▸ BRIEF:
The answer must consist solely of the lines from the opening line of the entries through the line with "Dos barcos de", transcribed exactly and without any pictures.

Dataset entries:
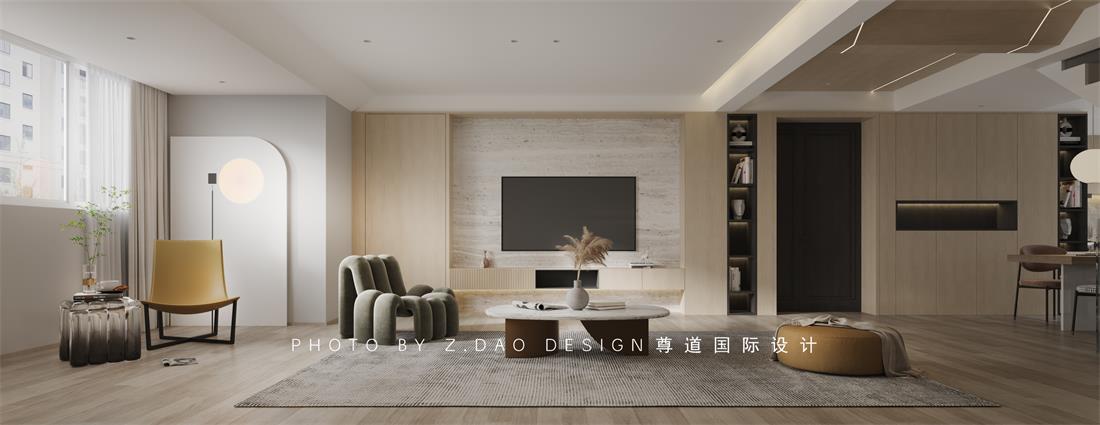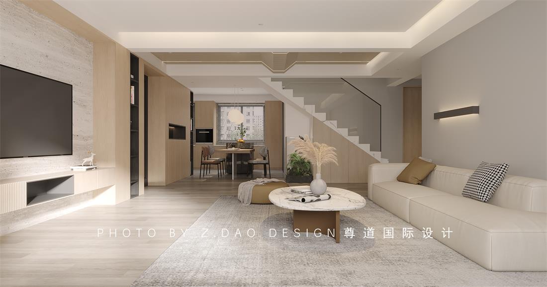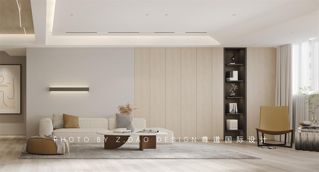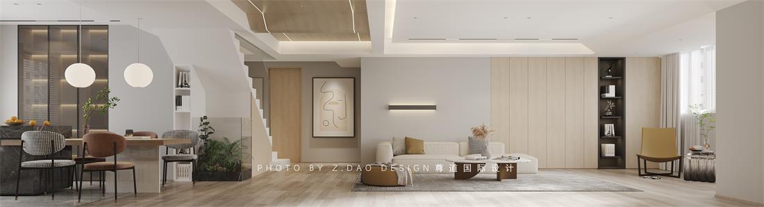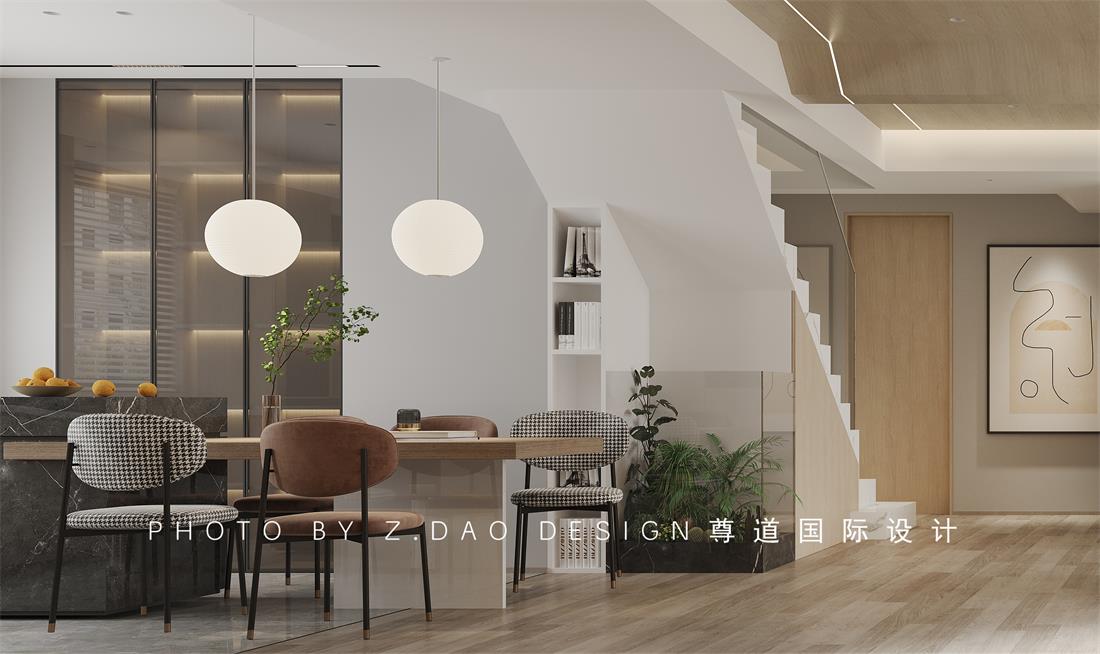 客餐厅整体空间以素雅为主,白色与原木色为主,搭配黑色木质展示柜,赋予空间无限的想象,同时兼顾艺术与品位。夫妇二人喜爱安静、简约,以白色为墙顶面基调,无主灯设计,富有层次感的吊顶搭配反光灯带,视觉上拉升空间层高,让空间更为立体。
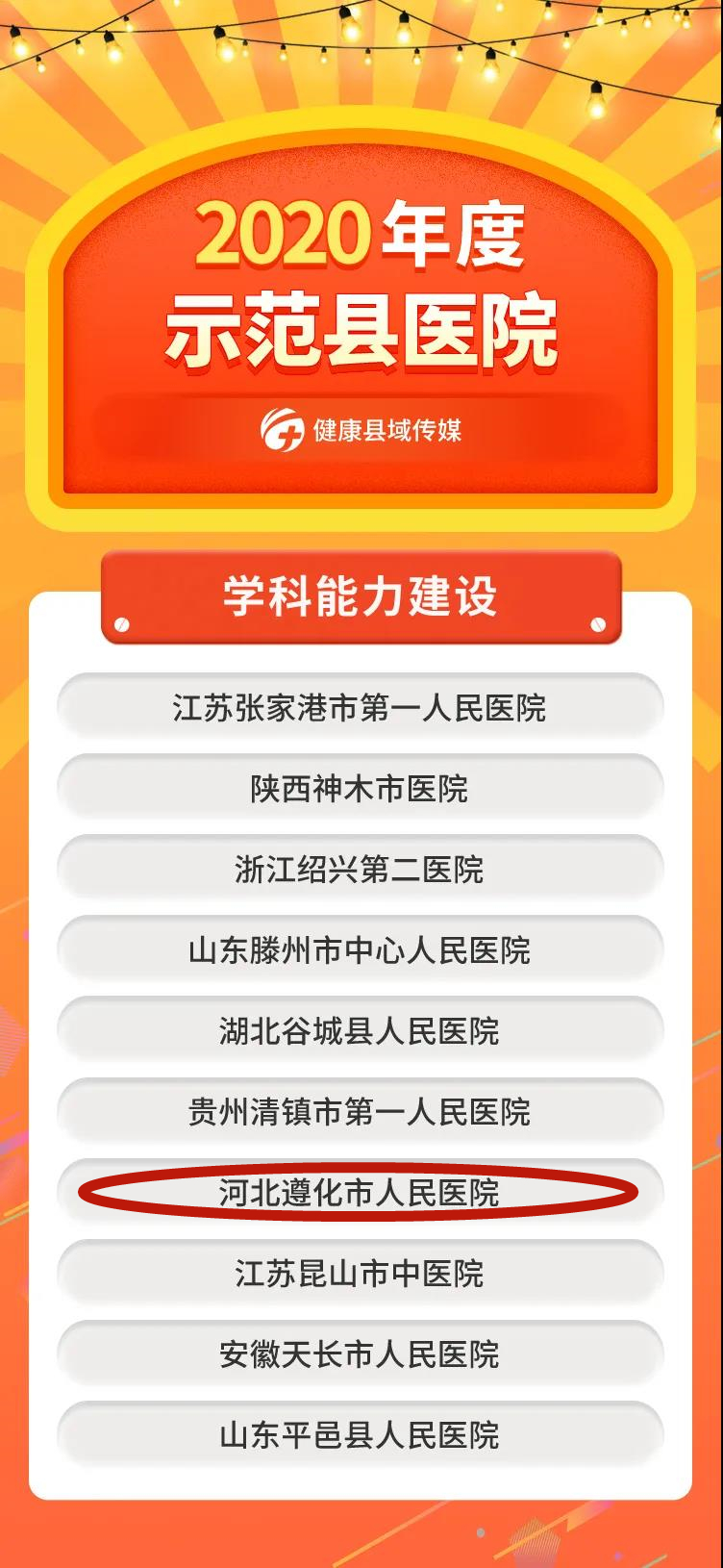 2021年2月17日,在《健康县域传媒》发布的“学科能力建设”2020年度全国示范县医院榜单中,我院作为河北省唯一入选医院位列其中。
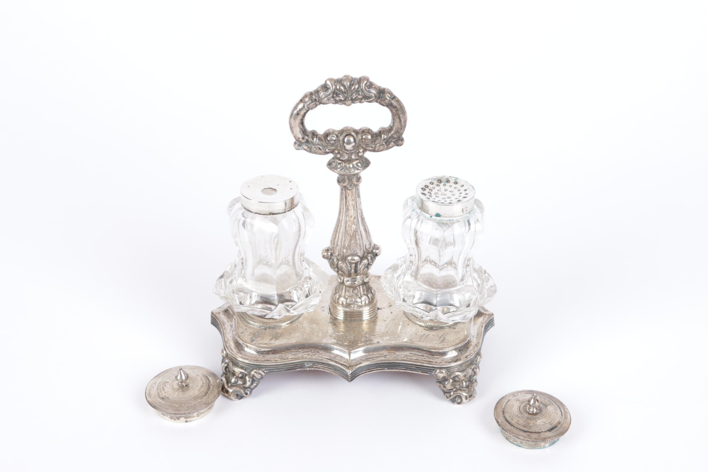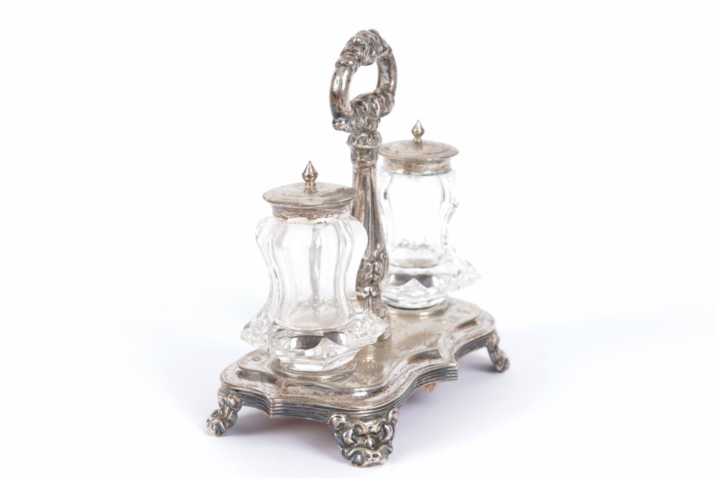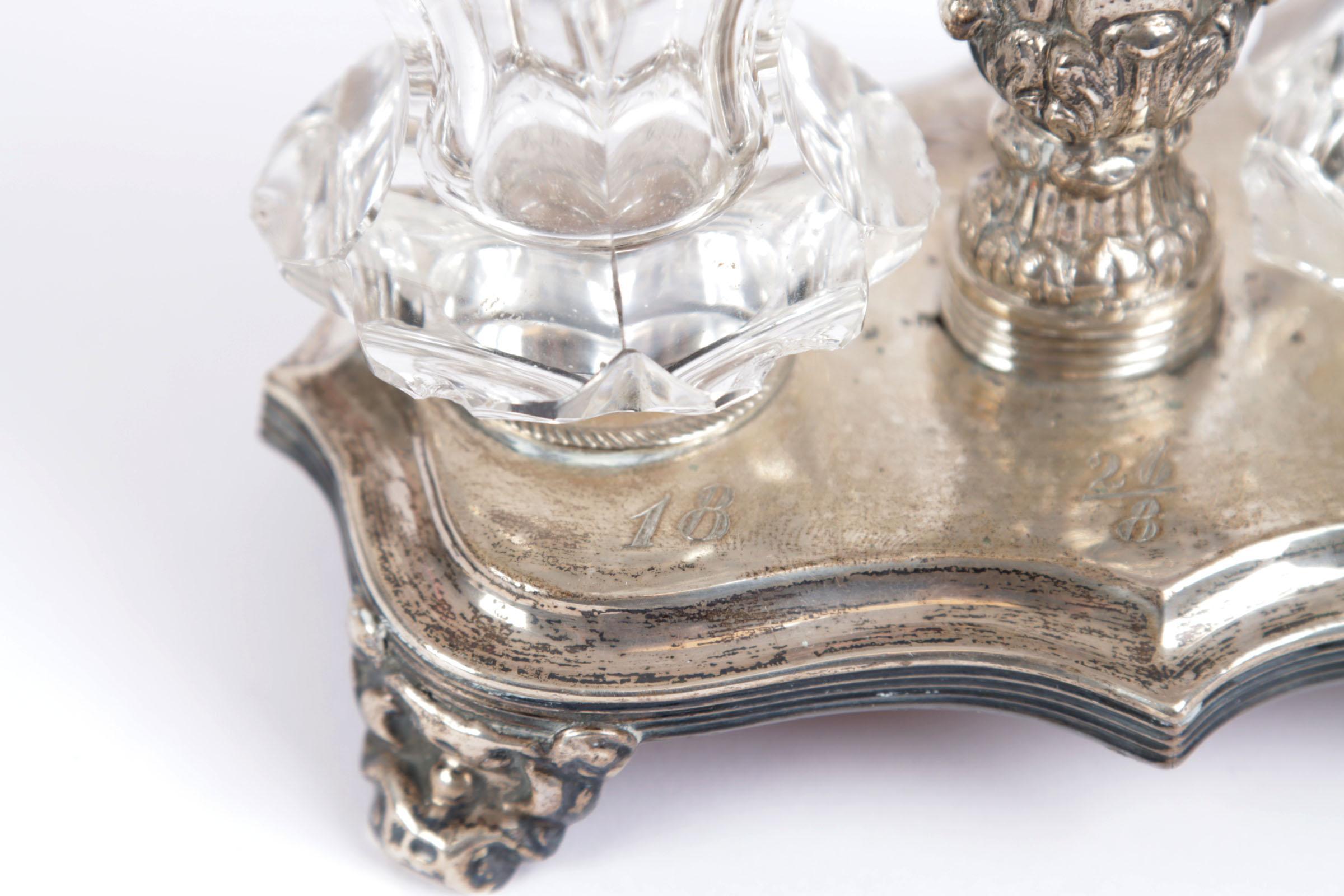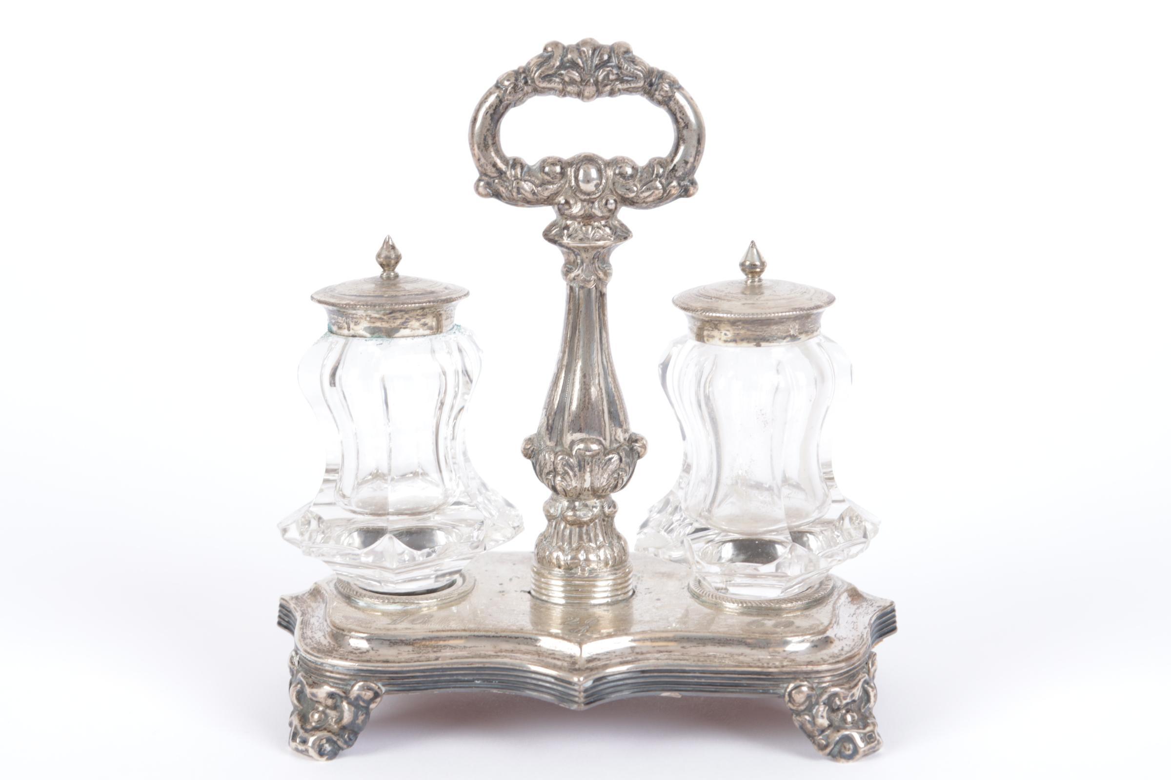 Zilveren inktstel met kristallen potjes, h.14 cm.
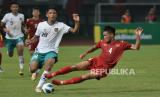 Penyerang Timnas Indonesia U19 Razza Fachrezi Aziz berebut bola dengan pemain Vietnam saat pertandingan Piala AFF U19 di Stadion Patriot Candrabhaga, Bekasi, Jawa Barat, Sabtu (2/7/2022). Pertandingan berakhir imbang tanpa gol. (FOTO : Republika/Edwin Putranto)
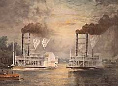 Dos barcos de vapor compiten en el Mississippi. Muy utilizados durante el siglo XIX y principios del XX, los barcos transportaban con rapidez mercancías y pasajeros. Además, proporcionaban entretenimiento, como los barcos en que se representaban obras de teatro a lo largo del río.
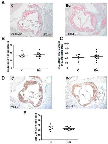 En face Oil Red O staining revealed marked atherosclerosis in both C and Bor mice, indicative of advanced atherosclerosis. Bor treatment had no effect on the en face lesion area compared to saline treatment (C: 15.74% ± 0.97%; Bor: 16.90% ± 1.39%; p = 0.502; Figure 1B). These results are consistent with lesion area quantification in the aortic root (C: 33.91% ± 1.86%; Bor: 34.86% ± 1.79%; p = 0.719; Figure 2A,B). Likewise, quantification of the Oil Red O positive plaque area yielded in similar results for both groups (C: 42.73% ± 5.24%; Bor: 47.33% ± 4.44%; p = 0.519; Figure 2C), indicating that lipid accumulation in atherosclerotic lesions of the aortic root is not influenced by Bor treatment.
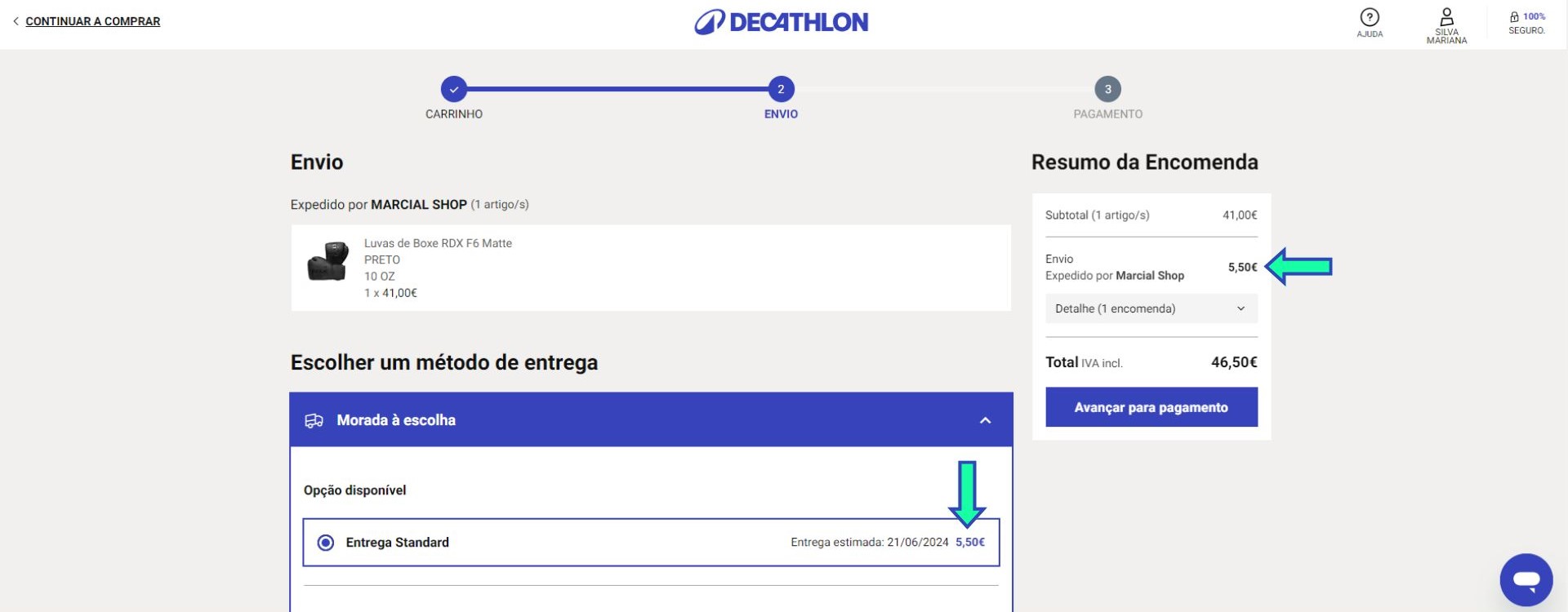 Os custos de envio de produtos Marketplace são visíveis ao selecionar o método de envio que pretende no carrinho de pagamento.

▸ COMPLETED TASK:
 客餐厅整体空间以素雅为主,白色与原木色为主,搭配黑色木质展示柜,赋予空间无限的想象,同时兼顾艺术与品位。夫妇二人喜爱安静、简约,以白色为墙顶面基调,无主灯设计,富有层次感的吊顶搭配反光灯带,视觉上拉升空间层高,让空间更为立体。
 2021年2月17日,在《健康县域传媒》发布的“学科能力建设”2020年度全国示范县医院榜单中,我院作为河北省唯一入选医院位列其中。
 Zilveren inktstel met kristallen potjes, h.14 cm.
 Penyerang Timnas Indonesia U19 Razza Fachrezi Aziz berebut bola dengan pemain Vietnam saat pertandingan Piala AFF U19 di Stadion Patriot Candrabhaga, Bekasi, Jawa Barat, Sabtu (2/7/2022). Pertandingan berakhir imbang tanpa gol. (FOTO : Republika/Edwin Putranto)
 Dos barcos de vapor compiten en el Mississippi. Muy utilizados durante el siglo XIX y principios del XX, los barcos transportaban con rapidez mercancías y pasajeros. Además, proporcionaban entretenimiento, como los barcos en que se representaban obras de teatro a lo largo del río.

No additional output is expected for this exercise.